Professor Theresa Glennon often poses this question to students who are trying to figure out what sort of law practice to pursue: “when you open the newspaper, what stories do you read?” Her theory is that the answer can tell students a lot about what topics engage them on a personal level. The corollary, of course, is that their personal interests are as important to the analysis as factors such as what’s considered “marketable” or “hot” – perhaps even more. “What are you really drawn to?” she presses. “It’s important, because in order to be an effective and satisfied lawyer, you need to spend a lot of time thinking about the topics relevant to your chosen field.”
Professor Glennon’s own personal interests rest at the crossroads of law, psychology, and sociology. After graduating from Yale Law School and clerking for a federal district court judge, Glennon joined the Education Law Center in Philadelphia, where she represented children before courts and administrative agencies in order to secure their rights in public education and social services programs. She came to Temple Law in 1993 after teaching in a legal theory and practice program at the University of Maryland School of Law. Here at Temple, Professor Glennon’s primary academic focus is family law, which she sees as “a natural extension of my education law work. Both are about protecting the rights of children.” It’s not an easy field, Glennon admits – but that’s exactly why she finds it so appealing. “In family law, and in education law to some extent, there are no easy, right answers. It’s always complicated, always messy, and it involves the most profound aspects of people’s lives. Family law in particular touches everybody at some point, and that’s part of why it’s such a rich area for academic thought.”

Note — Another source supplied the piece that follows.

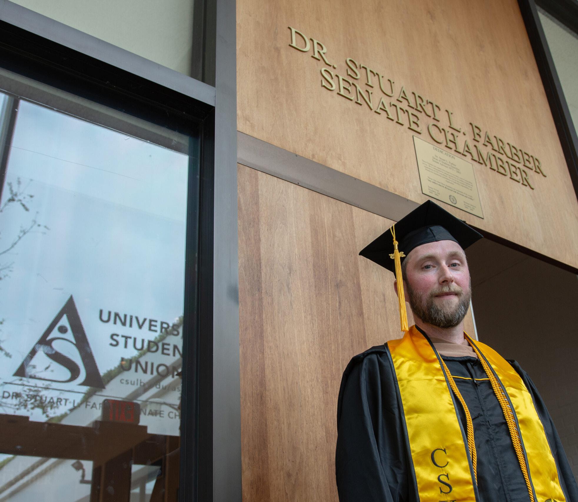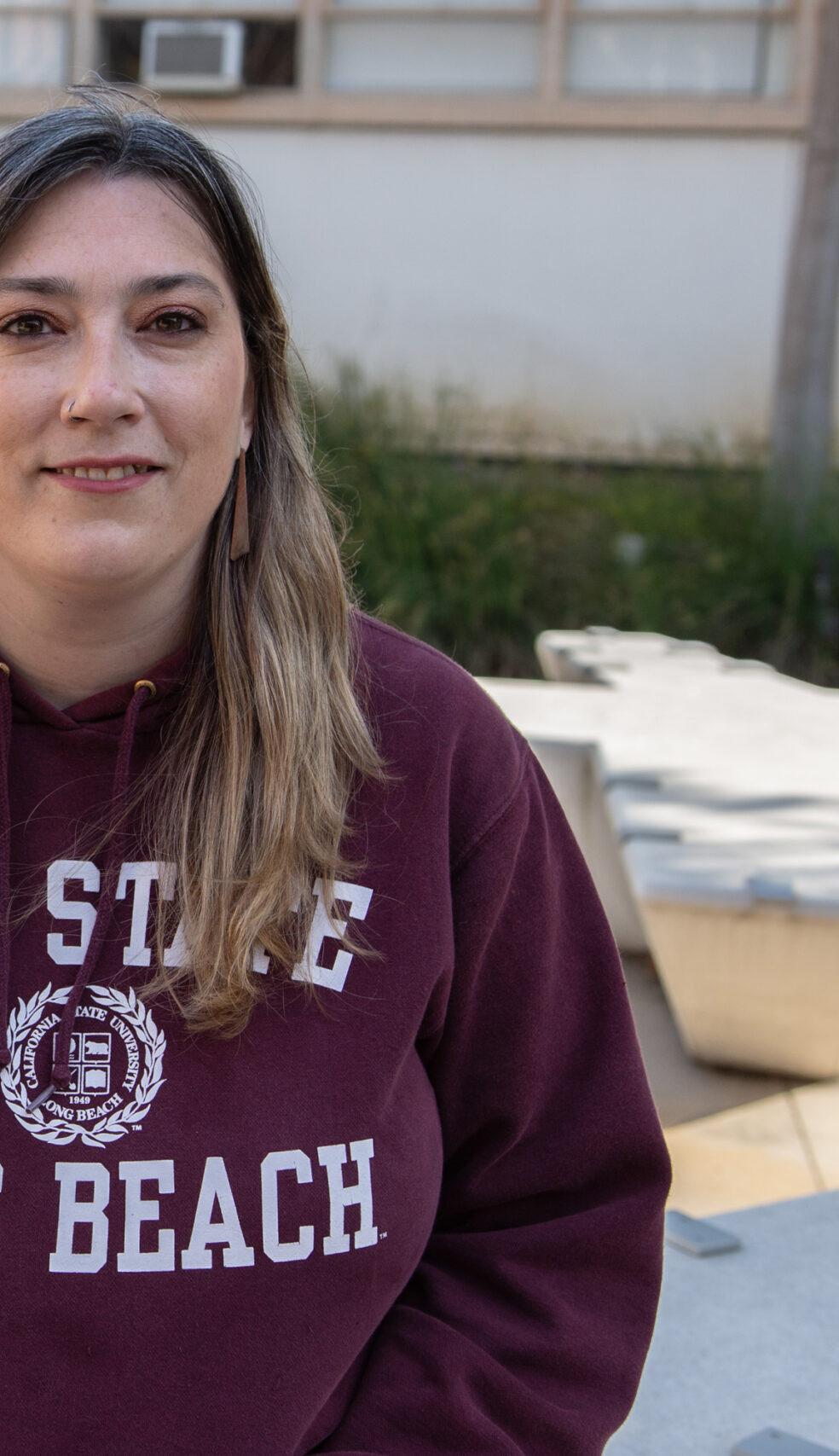left: Alma Villaescusa Pineda received her bachelor’s degree in psychology in 2016. She came to Long Beach State to earn a second bachelor’s degree in computer engineering and will be graduating this month. Krystal Mead, 38, is a first-generation college student graduating from Long Beach State with a bachelor’s degree in sociology this month. Mead relied on the Student Success Center to support her in her education journey. Quinn Bentley is a father of two and worked with special education students in public schools for a decade before attending Long Beach State to earn his master’s degree. Bentley will be graduating with a master’s in business administration this month.

In the classroom, Glennon tries to expose students to the complexities of real-world practice. In addition to role-playing and other simulation exercises, she invites area lawyers to speak to the class about particular facets of their practice. If a Temple graduate is working in an area of interest to a current student, she tries to make an introduction so that the current student can get a feel for what the practice is really like. Glennon does this, in part, because she is aware that “for many Temple students, law school is their first exposure to the legal world. They don’t have lawyers in their families to offer this kind of support, and I really enjoy being in a position to offer it instead.”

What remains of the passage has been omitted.